My general research interests are in social psychology; political psychology; public opinion; intergroup conflict; attitudes and the life cycle. My current research falls into five specific areas:
- Racism in politics. A number of projects continue my interest in the origins and effects of a "new," post-civil-rights era, racism in politics, which is generally described as "symbolic racism," "racial resentment," or "modern racism." It is the most common and most politically powerful form of racism in American politics today. We also have pursued the idea of "black exceptionalism," that white Americans treat Latinos and Asian Americans more like the European immigrants of a century ago than like African Americans, who continue to face a relatively impermeable color line.
- Southern realignment to the Republican Party. A related line of research investigates the long-term continuities of racial politics in the South. In particular it examines the role of white racism, based in a long history of racial antagonism in the South, and today embedded in Christian fundamentalism, as a force that has successfully moved many white Southerners to the Republican party (with Nicholas Valentino).
- Political multiculturalism. The expanded ethnic and racial diversity in the United States and other western nations has brought with it many political changes that go beyond the traditional black-white binary. This raises a number of important psychological questions, concerning the determinants of strong ethnic identity, the role of exposure to American identity politics (as opposed to assimilationist tendencies) in determining the long-term integration of immigrant minorities, the complex links between American and ethnic identity among ethnic minorities, and the determinants of white Americans' attitudes toward immigration, liberal language policies, affirmative action, and other ethnic entitlements.
- Life cycle effects on attitudes. I continue to maintain a long-term interest in the effects of early political socialization, especially on politically important attitudes such as partisanship, ideology, racism, and ethnic identity. This raises fundamental questions about the relative power of realistic adulthood forces (such as self-interest) as opposed to the residues of pre-adulthood, or early-adult, attitudes in determining attitudes toward political issues in later adulthood.

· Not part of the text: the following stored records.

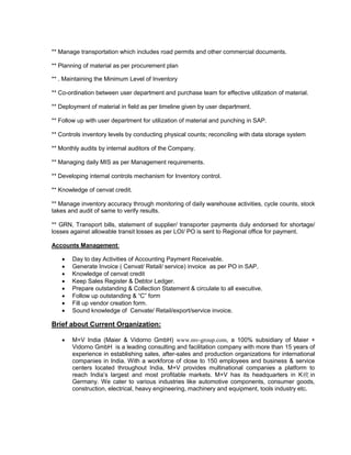 Indra Kumar Jha is seeking a position that allows him to enhance his skills and contribute to organizational growth. He has over 8 years of experience in inventory management, accounts management, and supply chain logistics. His technical skills include Tally ERP 9, MS Office, and SAP. Currently he works as an Executive Order Manager at M+V Marketing and Sales Pvt. Ltd., where he is responsible for inventory management, accounts management, and developing internal controls. Previously he worked at ENVECO as a Commercial Executive and 21 Century Legend India Pvt Ltd as a Store cum Invoicing Executive. He holds a B.Sc in IT and supply chain management training.
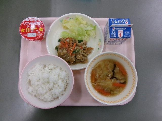 ごはん、スタミナ焼き肉、ボイルドキャベツ、ワンタンスープ、ヨーグルト、牛乳です。
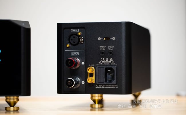 Harmony GaNM的背面,具有XLR模拟输入x1,左右声道LED显示切换拨杆,机壳接地与喇叭输出端子
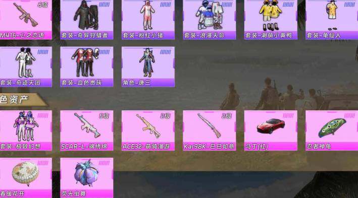 【粉色枪皮等级】:SCAR-L-锦绣绵绵(五级),M416-心之恋语(六级),ACE32-萌骑漫游(二级),Kar98K-巳巳如意(二级)
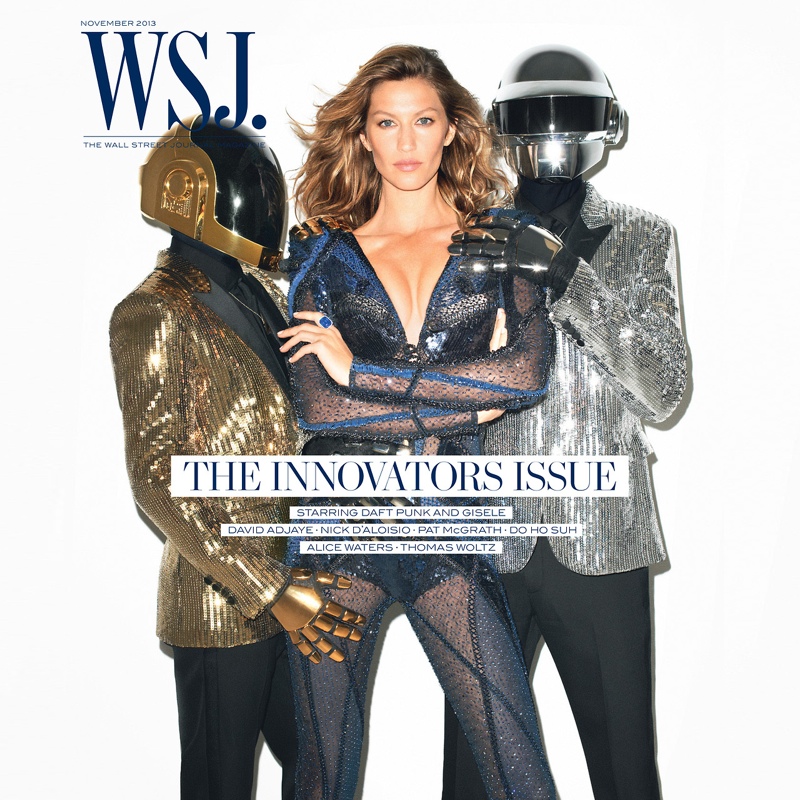 Dos robots y una supermodelo, para la nueva editorial de Noviembre de la revista WSJ, Terry Richardson se encargó de fotografiar al dúo Daft Punk junto con la top Gisele Bundchen. Fondo blanco, como nos tiene acostumbrados el controversial Terry, y mucho brillo cortesía de Saint Laurent y Atelier Versace. Like por un millón para una ecuación perfecta.
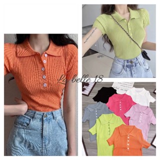 Áo Len Tăm Montoghi Cộc Tay Cổ Bẻ Cúc Ngực Dáng Ôm Body

- The origins of partisanship. In a nation that is highly polarized by political party, a key question concerns the extent to which, and how, immigrant groups will become incorporated into the American party system. We are currently developing a dual-process theory of the acquisition of partisanship, and applying it to Latino immigrants. This suggests that even new immigrants quickly acquire preferences between the parties, even if they do not self-identity as attached to either party, or vote, for years to come. Their latent partisanship, however, provides a basis for partisan self-identification after naturalization.
DAVID O. SEARS is Distinguished Professor of Psychology and Political Science, former Dean of Social Sciences, and former Director of the Institute for Social Science Research, all at the University of California, Los Angeles. Dr. Sears received his B.A. in History from Stanford University, his Ph.D. in Personality and Social Psychology from Yale University in 1962, and since then has taught at UCLA. He has held visiting faculty positions at Harvard University and the University of California, Berkeley, has been a Fellow at the Brookings Institution and twice at the Center for Advanced Study in the Behavioral Sciences, and has been a Guggenheim Fellow. In 1991, he was elected Fellow of the American Academy of Arts and Sciences; in 1992, President of the Society for the Advancement of Socio-Economics; and in 1994, President of the International Society of Political Psychology. His books include Public Opinion (1964, with Robert E. Lane), The Politics of Violence: The New Urban Blacks and the Watts Riot (1973, with John B. McConahay), Tax Revolt: Something for Nothing in California (1982, with Jack Citrin), Political Cognition (1986, edited with Richard R. Lau), Racialized Politics: The Debate about Racism in America (2000, edited with Jim Sidanius and Lawrence Bobo), Social Psychology (12 editions from 1970 to 2006, with Shelley E. Taylor and L. Anne Peplau), Obama's Race: The 2008 Election and the Dream of a Post-Racial America (2010, with Michael Tesler), the Oxford Handbook of Political Psychology, (2 editions from 2003 to 2013, edited with Leonie Huddy and Jack Levy), and American Identity and the Politics of Multiculturalism (2014, with Jack Citrin). He has published articles and book chapters on a wide variety of topics, including attitude change, public opinion, mass communications, ghetto riots, political socialization, voting behavior, and race and politics.